### Requirement
Leaving out pictures, output exactly the lines below from the one that has "Локтевая кость Локтевой" through the one that has "If you are seeking", and nothing else.

[Data listing — start]

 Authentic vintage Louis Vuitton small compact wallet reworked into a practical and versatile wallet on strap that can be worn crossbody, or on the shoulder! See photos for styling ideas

[Data listing — finish]
[Data listing — start]

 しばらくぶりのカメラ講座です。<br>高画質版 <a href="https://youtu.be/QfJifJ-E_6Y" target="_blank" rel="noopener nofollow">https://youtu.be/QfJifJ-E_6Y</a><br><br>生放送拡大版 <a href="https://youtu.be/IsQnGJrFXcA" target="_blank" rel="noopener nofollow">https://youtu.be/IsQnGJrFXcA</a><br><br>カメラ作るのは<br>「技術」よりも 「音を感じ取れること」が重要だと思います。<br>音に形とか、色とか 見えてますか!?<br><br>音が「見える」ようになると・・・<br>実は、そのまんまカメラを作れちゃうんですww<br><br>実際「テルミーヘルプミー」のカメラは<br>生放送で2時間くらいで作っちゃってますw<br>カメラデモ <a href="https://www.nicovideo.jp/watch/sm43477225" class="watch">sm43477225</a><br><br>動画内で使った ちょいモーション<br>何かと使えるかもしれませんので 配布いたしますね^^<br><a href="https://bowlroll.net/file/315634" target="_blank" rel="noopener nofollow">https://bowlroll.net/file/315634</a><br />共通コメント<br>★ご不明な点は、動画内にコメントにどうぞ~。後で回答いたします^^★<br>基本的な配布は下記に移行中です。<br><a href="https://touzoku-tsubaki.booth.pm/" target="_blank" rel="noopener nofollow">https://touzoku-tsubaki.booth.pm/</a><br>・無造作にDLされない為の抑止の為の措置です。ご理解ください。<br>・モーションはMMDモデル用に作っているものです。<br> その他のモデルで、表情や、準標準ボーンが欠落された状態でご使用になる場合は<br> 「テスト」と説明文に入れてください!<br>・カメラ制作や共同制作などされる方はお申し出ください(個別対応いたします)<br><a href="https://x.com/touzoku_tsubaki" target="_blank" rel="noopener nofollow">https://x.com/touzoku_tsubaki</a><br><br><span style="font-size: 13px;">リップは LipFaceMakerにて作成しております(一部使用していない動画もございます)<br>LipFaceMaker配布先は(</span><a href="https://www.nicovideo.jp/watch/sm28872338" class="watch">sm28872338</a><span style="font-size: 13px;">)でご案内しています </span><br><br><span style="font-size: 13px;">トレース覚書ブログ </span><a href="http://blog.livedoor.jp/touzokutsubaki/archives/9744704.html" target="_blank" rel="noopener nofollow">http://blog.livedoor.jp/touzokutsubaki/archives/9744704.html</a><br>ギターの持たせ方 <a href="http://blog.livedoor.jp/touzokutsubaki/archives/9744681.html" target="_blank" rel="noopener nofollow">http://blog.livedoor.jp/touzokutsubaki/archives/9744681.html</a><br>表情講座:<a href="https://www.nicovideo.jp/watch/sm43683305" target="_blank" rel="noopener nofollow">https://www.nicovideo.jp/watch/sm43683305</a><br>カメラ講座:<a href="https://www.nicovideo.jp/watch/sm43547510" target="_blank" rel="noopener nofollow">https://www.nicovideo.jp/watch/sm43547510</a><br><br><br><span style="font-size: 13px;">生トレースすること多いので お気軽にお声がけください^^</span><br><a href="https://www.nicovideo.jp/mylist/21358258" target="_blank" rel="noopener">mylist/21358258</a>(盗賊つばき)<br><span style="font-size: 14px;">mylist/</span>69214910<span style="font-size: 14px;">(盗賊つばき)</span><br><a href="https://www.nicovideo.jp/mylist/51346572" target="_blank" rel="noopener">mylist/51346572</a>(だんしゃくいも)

[Data listing — finish]
[Data listing — start]

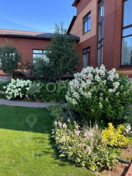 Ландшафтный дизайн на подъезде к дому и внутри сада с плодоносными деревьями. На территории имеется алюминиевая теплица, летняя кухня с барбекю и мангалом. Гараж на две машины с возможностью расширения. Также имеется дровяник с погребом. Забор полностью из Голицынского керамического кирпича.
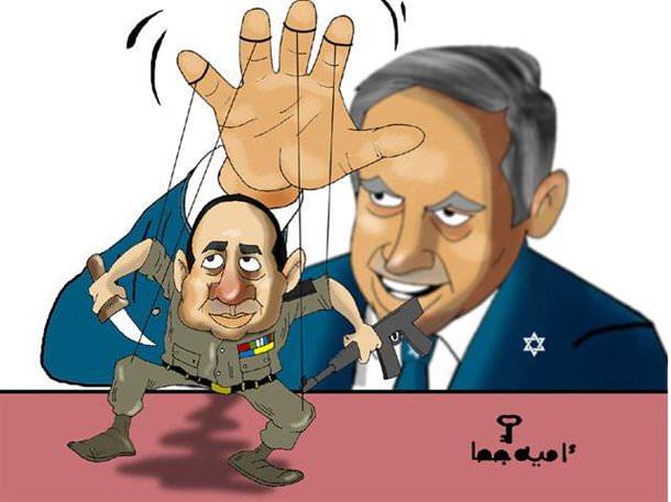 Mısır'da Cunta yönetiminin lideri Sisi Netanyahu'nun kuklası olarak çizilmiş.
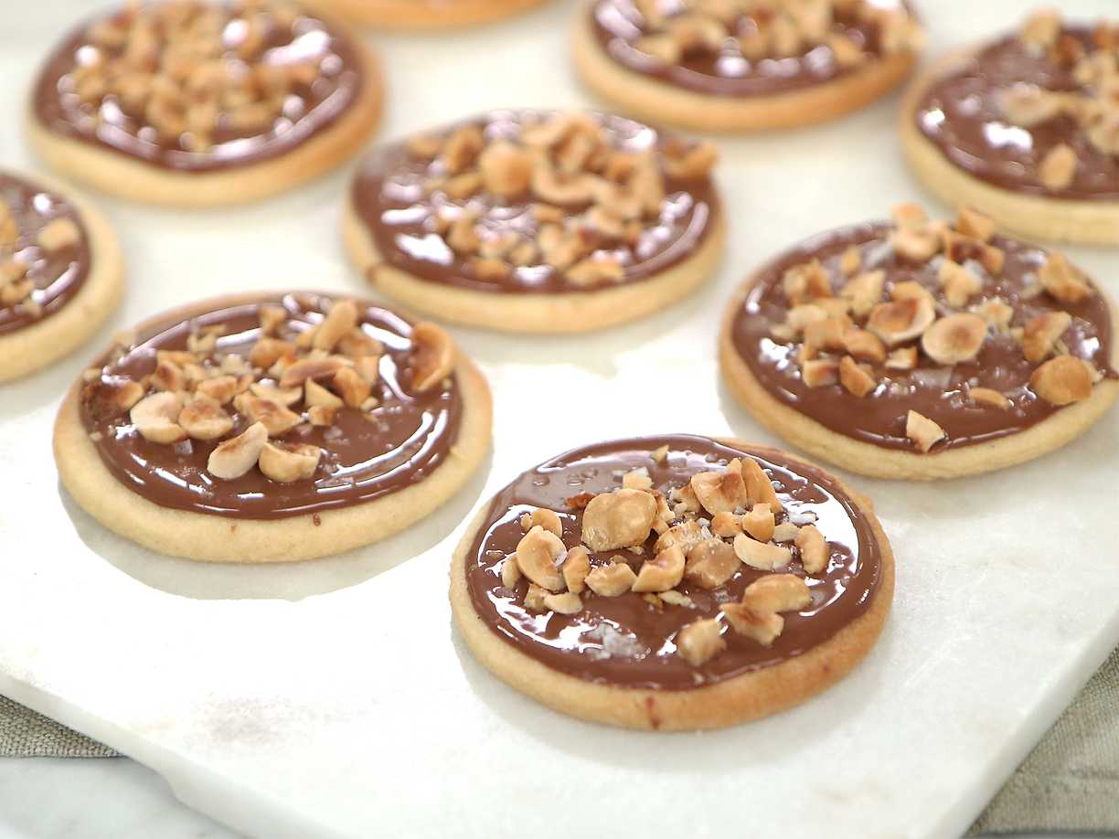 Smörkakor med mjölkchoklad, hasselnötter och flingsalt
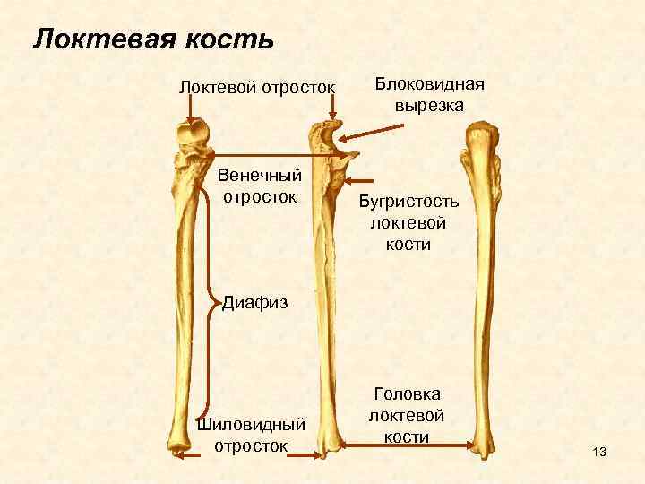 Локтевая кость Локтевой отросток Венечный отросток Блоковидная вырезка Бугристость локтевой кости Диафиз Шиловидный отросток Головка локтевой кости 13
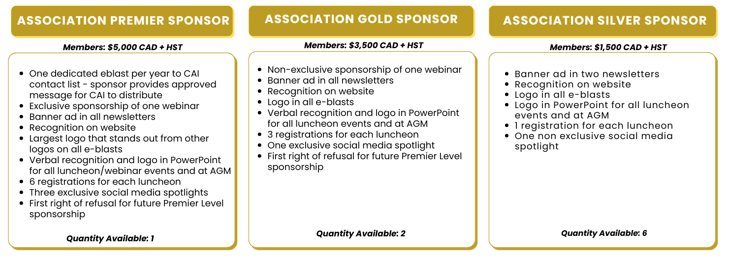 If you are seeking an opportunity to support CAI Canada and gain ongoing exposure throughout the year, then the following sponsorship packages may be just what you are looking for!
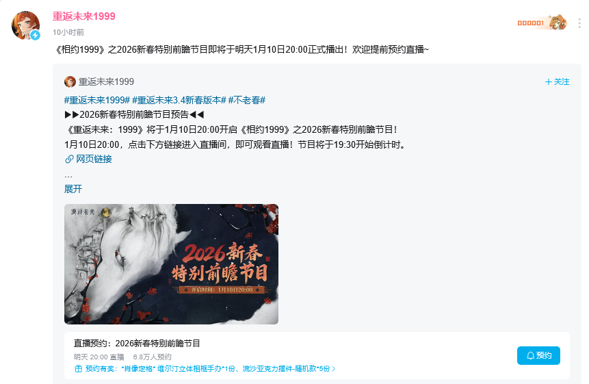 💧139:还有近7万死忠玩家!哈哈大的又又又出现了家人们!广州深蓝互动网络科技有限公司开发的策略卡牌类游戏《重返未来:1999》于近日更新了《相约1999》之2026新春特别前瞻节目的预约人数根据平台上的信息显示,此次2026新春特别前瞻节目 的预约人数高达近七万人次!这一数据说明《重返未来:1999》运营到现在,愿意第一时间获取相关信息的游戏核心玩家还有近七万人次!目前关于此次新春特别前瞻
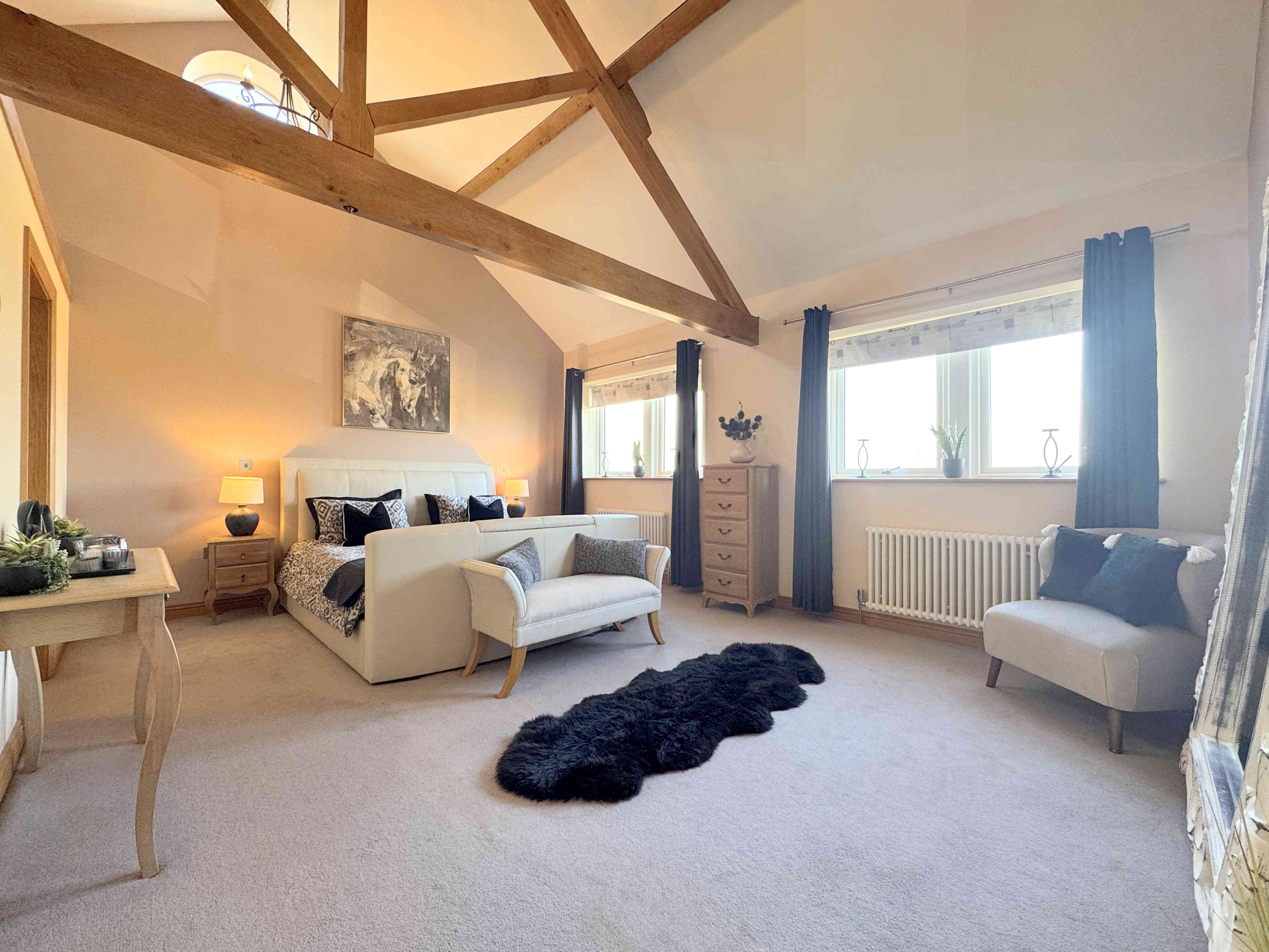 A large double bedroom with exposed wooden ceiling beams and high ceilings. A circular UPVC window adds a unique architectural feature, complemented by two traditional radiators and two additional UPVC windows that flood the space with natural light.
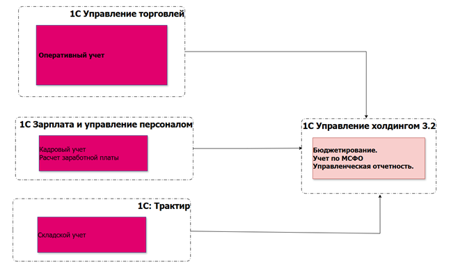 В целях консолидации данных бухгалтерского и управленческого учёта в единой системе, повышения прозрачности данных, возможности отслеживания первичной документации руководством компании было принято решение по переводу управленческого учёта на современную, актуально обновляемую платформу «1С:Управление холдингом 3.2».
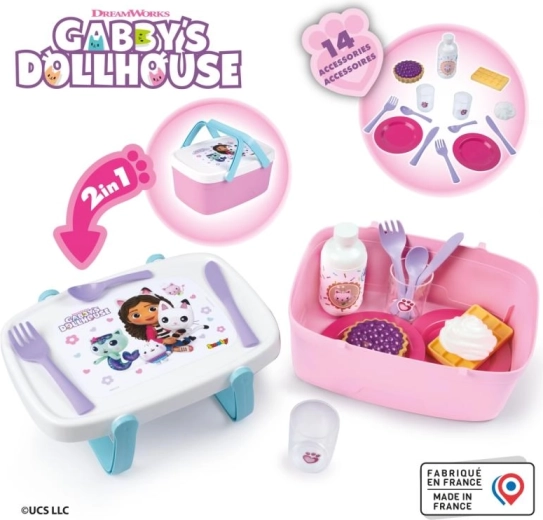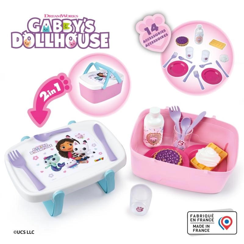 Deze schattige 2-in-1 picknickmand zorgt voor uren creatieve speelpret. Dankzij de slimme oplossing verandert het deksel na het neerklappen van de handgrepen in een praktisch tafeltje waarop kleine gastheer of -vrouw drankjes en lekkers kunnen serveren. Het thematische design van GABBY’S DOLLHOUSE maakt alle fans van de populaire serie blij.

[Data listing — finish]

### Solved exercise
 Локтевая кость Локтевой отросток Венечный отросток Блоковидная вырезка Бугристость локтевой кости Диафиз Шиловидный отросток Головка локтевой кости 13
 If you are seeking an opportunity to support CAI Canada and gain ongoing exposure throughout the year, then the following sponsorship packages may be just what you are looking for!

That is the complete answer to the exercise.